3.5. Subjective Measurements of Appetite
A transient pattern of decreased hunger and prospective food consumption ratings occurred at 10 min post drink ingestion followed by a gradual increase thereafter for all trials. Furthermore, consistent with the above, fullness ratings transiently increased at 10 min post ingestion then gradually decreased thereafter. No effect of trial (p = 0.337), an effect of time tending to significance (p = 0.091), and no interaction effect (p = 0.492), were present for hunger ratings (Figure 4a). For fullness ratings, no effects of trial (p = 0.455), time (p = 0.106), or interaction (p = 0.288), were present (Figure 4b). No main effect of trial (p = 0.652) or interaction effect (p = 0.430) was present for prospective food consumption, but a main effect of time (p = 0.001) was seen (Figure 4c). An effect of time was indicated for trial G with 20 min tending to be lower than 60 min (p = 0.078). An effect of time also tended to significance for C (p = 0.051).
4. Discussion
The ingestion of glucose and the ingestion of fructose resulted in respective increases in blood glucose and blood fructose concentration in a dose-related fashion with peak concentrations being attained at 30 min by the glucose alone and fructose alone trials, correspondingly. The similar sucrose and combined solutions resulted in comparable blood glucose and blood fructose concentration responses. Whilst the ingestion of glucose alone resulted in no changes to blood fructose concentration, the ingestion of fructose alone saw a significant increase in blood glucose above water control values at 30 min. This can be explained by the evidence that a moderate amount of fructose undergoes conversion to glucose [19,20]. The ingestion of fructose alone resulted in a significantly lower blood glucose concentration than glucose alone ingestion at 20 min but no significantly lower overall (iAUC) blood glucose response. This result is therefore partially inconsistent with the findings of Kong et al. [3], although the large number of comparisons in this present study may have concealed any statistical difference. A significantly greater blood glucose response was seen with sucrose compared to fructose alone, however, suggesting an interaction of glucose co-ingestion that was not present with the mixed glucose-fructose ingestion. One possibility is the effect of lower osmolality in sucrose resulting in a faster gastric emptying rate and thus a greater increase in the blood glucose concentration. The blood glucose response to different sugars was mirrored by both insulin and GIP responses. However, the pattern of response for GLP-1 did not follow. It is thought that GLP-1 plays a more potent role in glucose-stimulated insulin release, but the results of this study potentially suggest a predominant role of the incretin GIP.

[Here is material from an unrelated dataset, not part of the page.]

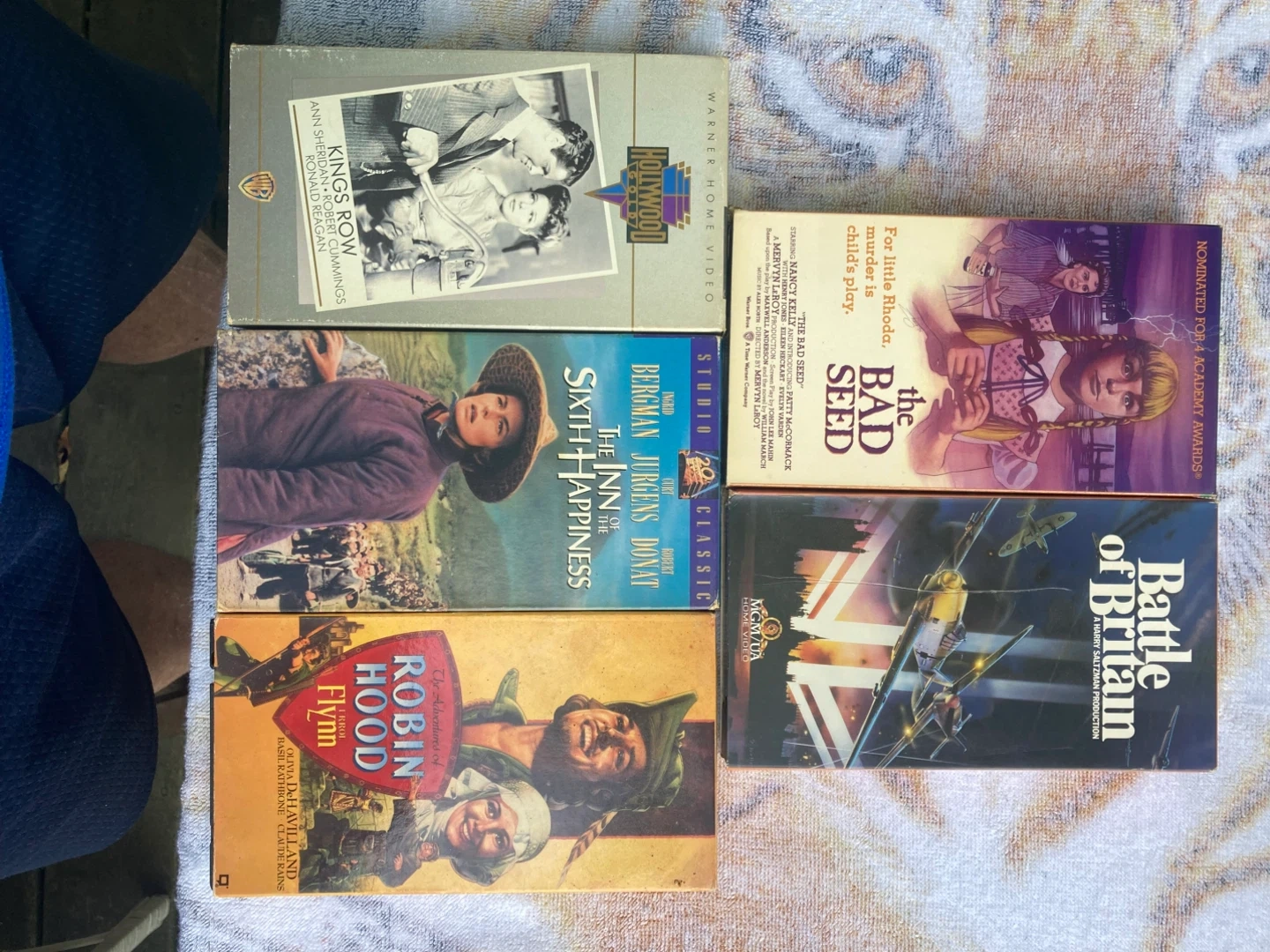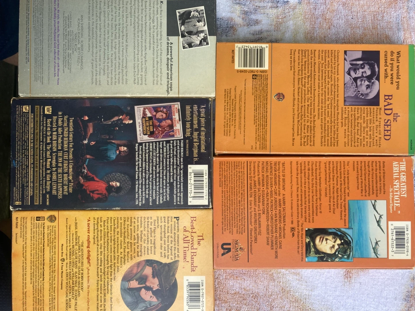 Selling a collection of VHS movies. Titles include The Bad Seed, Battle of Britain, Robin Hood, The Inn of the Sixth Happiness, and King's Row. Perfect for collectors or those who enjoy classic films!

The ingestion of solutions containing fructose resulted in significant increases in blood lactate concentration at a faster rate than the ingestion of glucose alone. This increase in lactate concentration occurred even with the relatively small amount of fructose ingestion (18 g) within the S and C trials. Furthermore, the ingestion of sucrose, and combined glucose and fructose, resulted in similar iAUCs, compared to fructose ingestion alone, despite containing half of the amount of fructose. This may be due to a differential fate of fructose when co-ingested with glucose. The presence of glucose in the ingested solutions may have led to the preferential oxidation of glucose within the Krebs cycle, as well as the conversion to glycogen, thus limiting this pathway for fructose oxidation and resulting in greater lactate production. It is unlikely that this was due to reduced insulin action, which is reported to result in less pyruvate entering the mitochondria for oxidation and thus causing a corresponding increase of anaerobic metabolism to lactate [21], because insulin secretion following both S and C were pronounced in comparison to fructose. Another potential explanation is related to the observations that fructose absorption is augmented when ingested with glucose [22]. However, it is unlikely that the observed results were due to a greater or more efficient absorption of fructose when co-ingested with glucose, as serum fructose concentration increased significantly from baseline following fructose alone ingestion but not for the fructose-glucose solutions.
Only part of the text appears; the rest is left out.